The console is fully wired is ready to mount on the boat and get everything finished. I used terminal strips or block so when the console is mounted the wires can be easily attached to the terminal strip. I'm in a wheelchair so it will be out of my hands when it's in the boat. I made the wiring so even a cave man can do it. Trim box and hour meter installed.


----------



## Ocean Master

jasoncooperpcola said:


> Ocean Master that GripTex looks awesome. What grit is that, fine, course or extra course? I have done nonskid decks on a boat before and it did not look near that good. But i used Interlux Perfection with non skid attitive from Lowes, so..... :whistling:
> 
> Was gonna use Interlux on my V20 Wellcraft but i may look into AwlGrip. Keep up the good work on the boat.

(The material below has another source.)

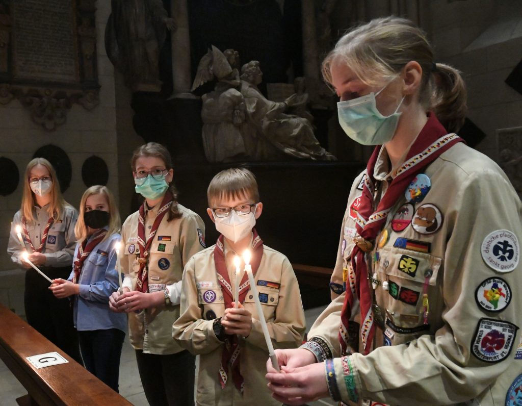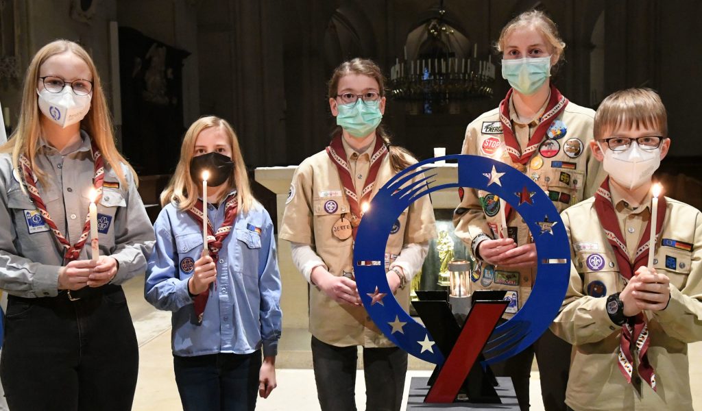 Und auch 2021 durfte unser Stamm das Licht in den Dom bringen. Dieses Mal wurde das von Jette, Dominik und Henrike getan.

Tom Kennedy (Patriot Yacht Services) had done all the painting and non skid. It's a trick to broadcasting the non skid and using flattened Awlgrip paint. The non skid is also painted over once again after broadcasting.


----------



## zulubravo34

Updates?


----------



## Ocean Master

I had a gas tank for it but it was not a certified USCG approved tank. I am having another made. If I sell it I don't want any liability's coming back to me. "Do it right or don't do it at all" is what my father taught me. 

It will also be epoxy coated and installed so no water can ever touch it. 

Right now I am installing a marine stereo inside a Jensen "water resistant" case to go inside the console. I also made a glove compartment door for the center console.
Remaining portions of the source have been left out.